Tout vient à point pour qui sait attendre. Chose promise, chose due, voici le récit de nos petites vacances à Kasenga. Kasenga ? Mais oui, souvenez-vous, on en a parlé quand mes parents sont venus à Noël, et puis aussi quand les parents de Sébastien sont venus en août, et encore avant, en escale, dans notre périple qui nous avait menés à Kilwa.


En route !

Par rapport à Noël dernier, ce n'était pas tout à fait les mêmes personnes : Sébastien, Florentine et moi étions déjà allés à Kasenga avec mes parents, par contre c'était la première fois pour Tine (Bakanja Centre), Marketa (Bakanja Centre aussi), Veerle (Bakanja Ville) et Marc, un ami de Sébastien, venu enseigner la 3D à l'ESIS et reparti depuis. Nous disposions de la Land Cruiser de la communauté, ce qui nous a été bien utile comme nous le verrons par la suite. Voici un petit portrait de l'équipe :

Photo de groupe
De gauche à droite : moi, Tine, Marc, Florentine, Sébastien, Veerle et Marketa

La route était bonne jusqu'à Kasomeno, car goudronnée — elle l'était déjà il y a 4 mois — et ça se voit sur les mines encore réjouies de la photo ci-dessus, mais après la piste s'est détérioriée sous l'effet de la saison des pluies. Du coup, nous avons mis plus de 2 heures sur le tronçon Kasomeno - Kasenga, là où ça nous avait pris 1 heure à Noël. Et nous avons bien sûr été secoués. Mais nous avons quand même fini par arriver.


Sur place...

Chez les Sœurs
Le couvent des Sœurs de la Charité de Jésus et Marie
 
Une fois arrivés à Kasenga, nous avons pris nos quartiers : les demoiselles étaient chez les Sœurs de la Charité de Jésus et Marie — là où nous avions logé à Noël — et nous, les gars, chez les Salésiens de Don Bosco — là où nous avions logé lors de nos autres séjours. Après l'installation, pas de temps à perdre, nous avons pris la direction du centre-ville de Kasenga. Si vous ne vous en souvenez pas, la ville de Kasenga est très étalée, donc nous avons pu marcher quelques heures. C'est aussi l'occasion de voir la différence entre Kasenga et Lubumbashi : la première ressemble davantage à l'Afrique "authentique" qu'on imagine ou qu'on voit dans des documentaires à la télévision, tandis que la seconde est plus proche des villes à l'occidentale.

Il est clair que, quand on est habitué à Lubumbashi, ça change un peu. D'abord du point de vue de l'environnement : les maisons sont souvent avec une ou deux pièces, avec un toit de chaume et des murs non peints, les parcelles ne sont pas clôturées par des murs mais ouvertes aux quatre vents, les rues ne sont pas goudronnées mais en terre ou sable, etc. Ensuite, quand nous, des bazungu, passons dans la rue, tous les enfants nous adressent des bonjour de la main, une cohorte nous accompagne et nous fait une danse, la plupart veulent être pris en photo, des « muzungu, muzungu ! » fusent de partout, d'autres mots en swahili ou en bemba — la langue locale qu'on retrouve surtout en Zambie, de l'autre côté de la Luapula — voire en anglais — la Zambie est anglophone. Il y a très peu de voitures, quelques camions, surtout des engins de chantiers qui travaillent à refaire les routes.

Tine, Sébastien et des enfants

la rue

trois enfants L'équipe de théâtre

Le premier soir, rentrés à la nuit tombée — il fait nuit à 18h15 environ — sous l'éclat de la pleine lune, nous avons soupé chez les Sœurs.

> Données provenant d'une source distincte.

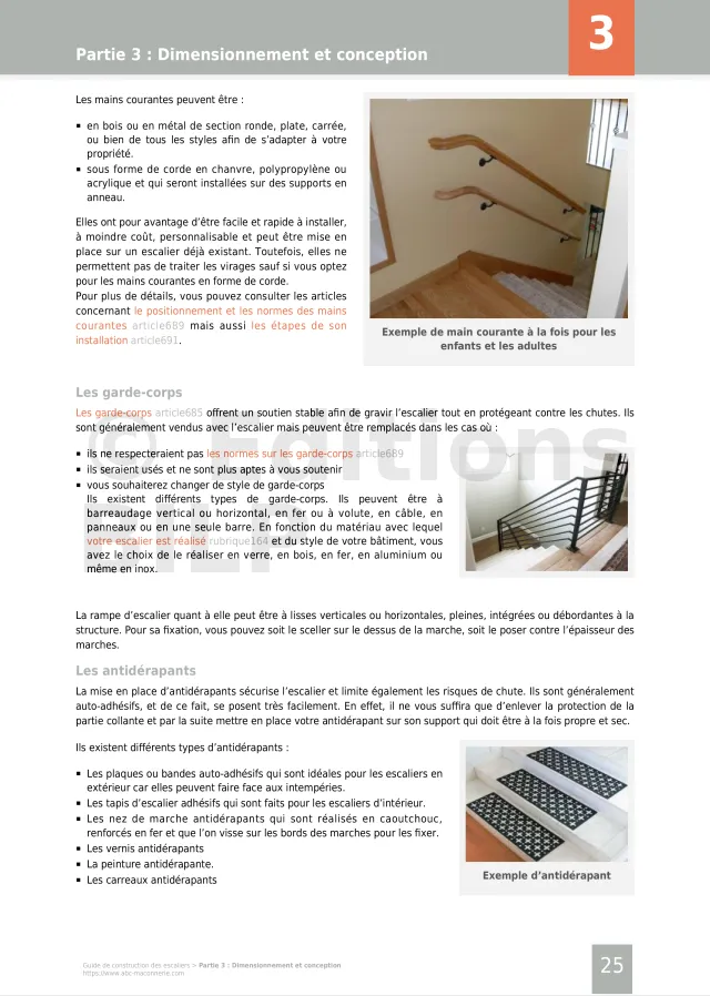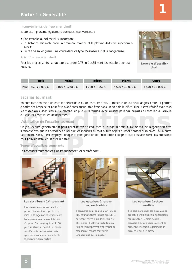 Sommaire du guide de construction des escaliers
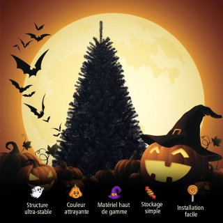 Transformeer je huis, winkel of kantoor dit seizoen met deze opvallende zwarte kerstboom van 225 cm. Met een luxueuze, volledig zwarte finish geeft hij elke ruimte direct sfeer en een moderne, sinistere twist — perfect voor Halloween en stijlvolle seizoensdecoratie.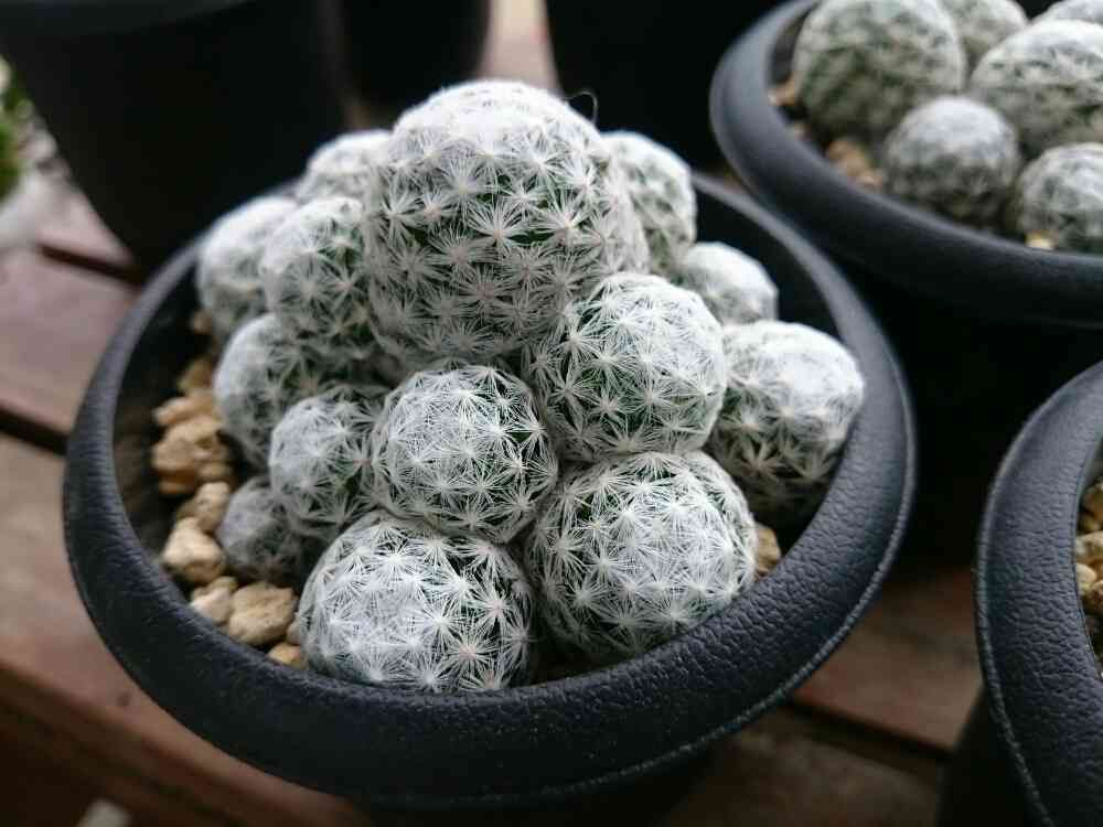 銀手鞠と同じマミラリア属で白いふわふわしたトゲだから触っても大丈夫👍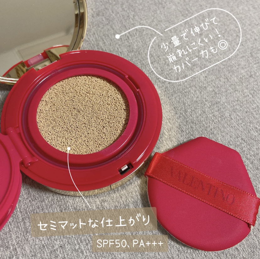 ヴァレンティノGOクッションSPF50+PA+++ パケの高級感とパケの可愛さ♥️持ち歩き決定ですね✨ みずみずしく、のびもいいので使いやすかったです😊カラーは少し明るめでした❗ 他のカラーを試したいです😉 さすがにマスクではよれるので、トナーパッドなどで少しオフして、ポンポンの簡単なお直しにもむいています😃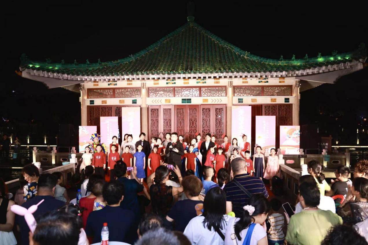 歌伴舞《灯火里的中国》以温暖旋律点亮夜色;童声合唱《月光》清澈空灵,传递着纯真祝福;活动在《我爱你中国》的全场合唱中达到高潮,深情歌声与湖光月色交融,为中秋之夜画上圆满句号。
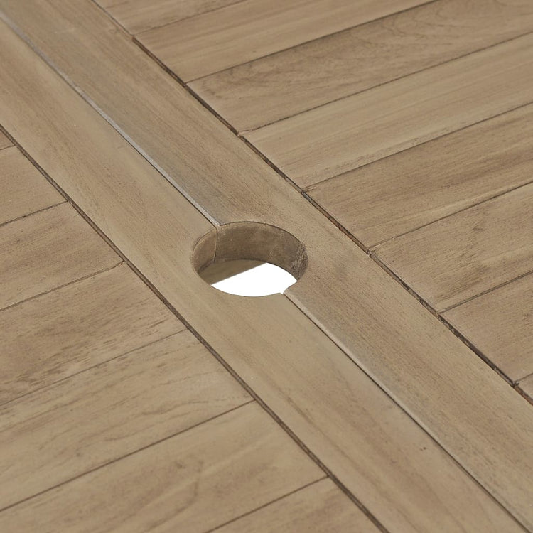 - Orifício para guarda-sol: o tampo da mesa possui um orifício para que possa colocar um guarda-sol e criar um espaço com sombra.
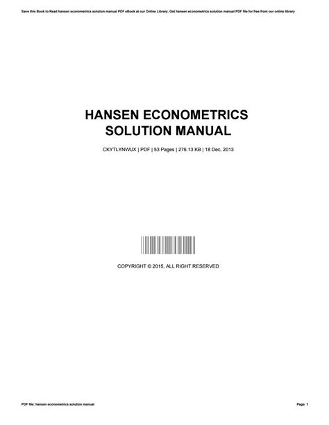 Read Online hansen-econometrics-solution-manual Doc BookBoon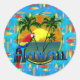 Coucher de soleil sur la plage d'Hawaii avec palmiers, cadre rond en bambou, perroquet coloré. Arrière - plan bleu océan avec motif de planches de surf rétro.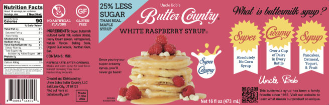 Our all-natural Buttermilk Syrups are made with buttermilk and whipping cream to bring you a deliciously creamy and smooth syrup. We’re bringing fruity breakfasts to your table with our White Raspberry Syrup. Its raspberries ‘n cream flavor is the perfect topping for food any time of year.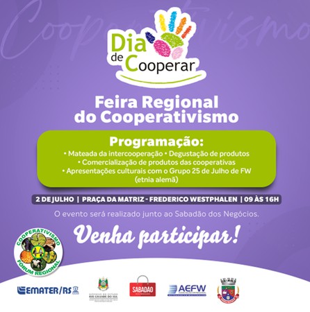 Em comemoração ao dia internacional do Cooperativismo, que anualmente é celebrado no primeiro sábado de julho, o Fórum Regional do Cooperativismo, com apoio da Unidade de Cooperativismo da Emater, estará realizando a Feira Regional do Cooperativismo.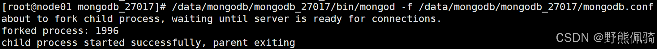 [root@node01 mongodb_27017]# /data/mongodb/mongodb_27017/bin/mongod -f /data/mongodb/mongodb_27017/mongodb.conf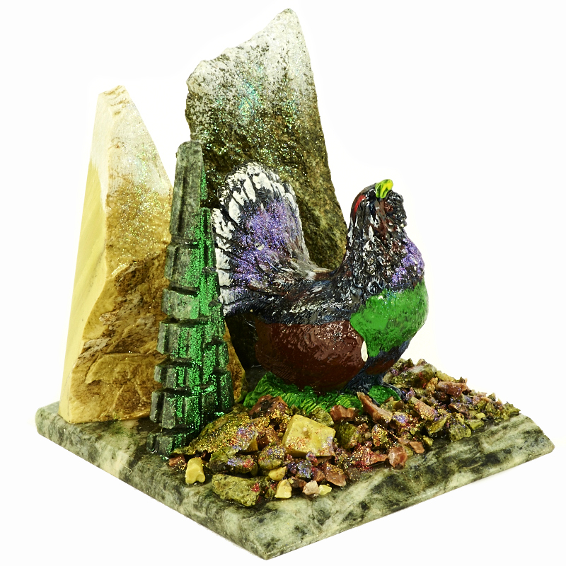 Композиция из камня "Глухарь" Драгоценный камень змеевик, литьевой мрамор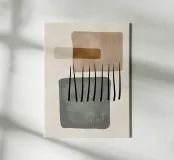 Arte digitale astratta caratterizzata da linee, forme organiche e geometriche con texture e pennellate nere in morbide tonalità terrose di marrone e grigio. Arte moderna per interni essenziali, scandinavi, bohémien e boho. Godetevi l'arte digitale minimalista con forme e linee morbide.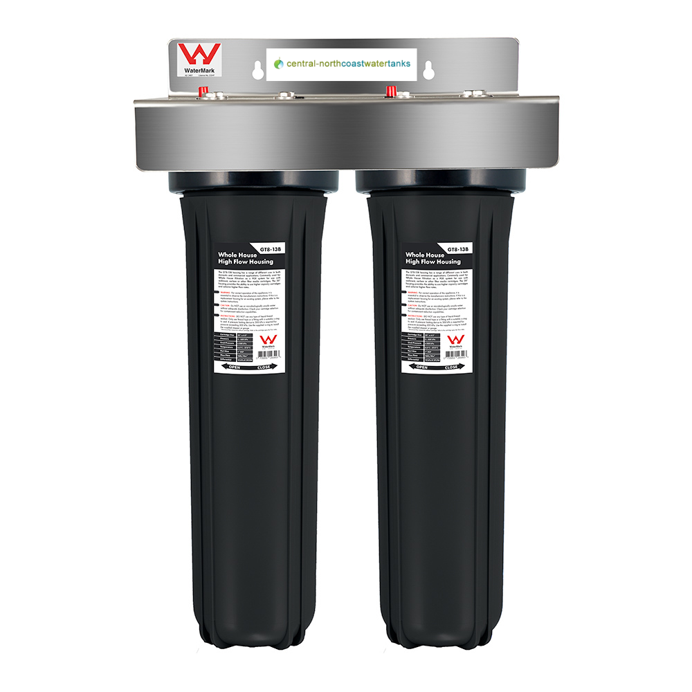 WaterMark Certified high performance Twin Whole House Water Filter System 20″ x 4.5″ High Flow
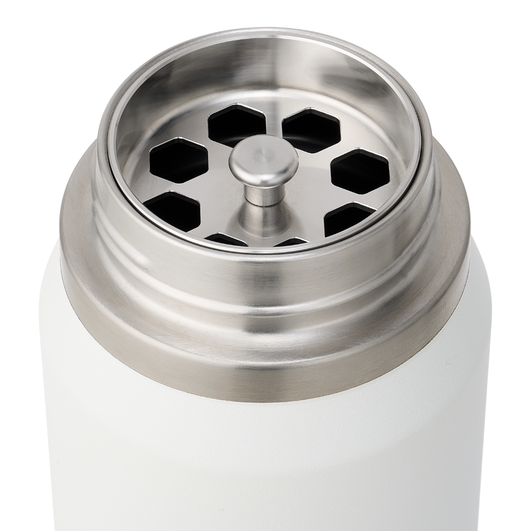 Op het RVS waarvan de fles is gemaakt kan er na verloop van tijd kalkaanslag ontstaan. Gebruik voor het reinigen hiervan geen agressieve schoonmaakmiddelen of kokend water. Met een mengsel van azijn en water en een zachte borstel reinig je de binnenkant van de fles op milde en effectieve manier. Lees de gebruiksaanwijzing voor het exacte stappenplan van het reinigingsproces.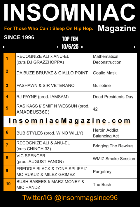 Brace yourself for an incandescent package of volcanic ambiance for your playlist. Without delay, roll the uncontainable kinetic speaker stylistics on this edition of Insomniac Magazine’s Weekly Hip Hop Top Ten.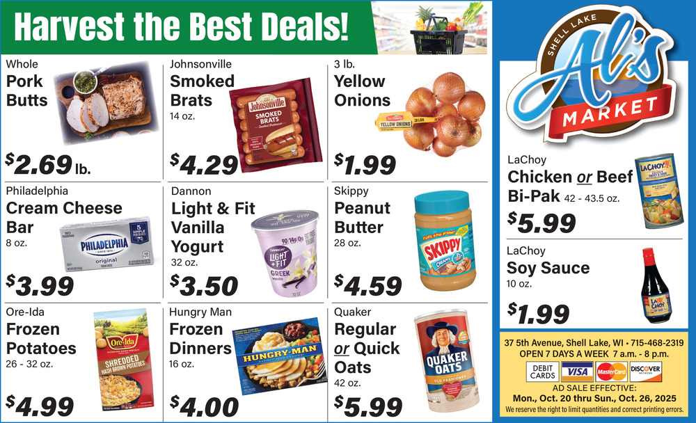 Oct 17, 2025. Al's Market Food & Market Ads from Spooner Advocate

C'était l'occasion de fêter l'anniversaire de Tine, Marketa avait préparé un gâteau. Bon anniversaire Tine !


Les Rameaux

Le dimanche était celui des Rameaux, l'occasion d'avoir une messe exceptionnelle pour un voyage exceptionnel. Ici, ce n'est pas du buis mais des palmes (de palmiers, bien sûr !) qui sont bénies. La procession traversait une partie de la ville avant d'arriver à la cathédrale. La messe, en bemba, ne nous était pas très compréhensible, mais l'animation qui régnait nous a fait paraître courtes les deux heures. Une chose nous a frappés : il y avait essentiellement des enfants et des jeunes, très peu d'adultes plus vieux que nous. La messe était célébrée par le Père Henri, directeur de la communauté des Salésiens de Don Bosco à Kasenga.

Entrée de la procession dans la cathédrale Dans la cathédrale, les rameaux

 
Direction : les chutes !

Un des éléments majeurs de ce séjour à Kasenga est cette expédition vers des rapides — mais tout le monde nous parlait de chutes — sur la Luapula, en amont de Kasenga. Après la messe, nous avons acheté de quoi faire un pique-nique et nous sommes partis, accompagnés d'un jeune garçon, Noé, qui devait nous guider jusqu'aux fameuses chutes. On nous avait annoncé qu'il faudrait 40 minutes pour rejoindre un village appelé Makungu, puis nous devions prendre une barquette pour aller jusqu'aux rapides.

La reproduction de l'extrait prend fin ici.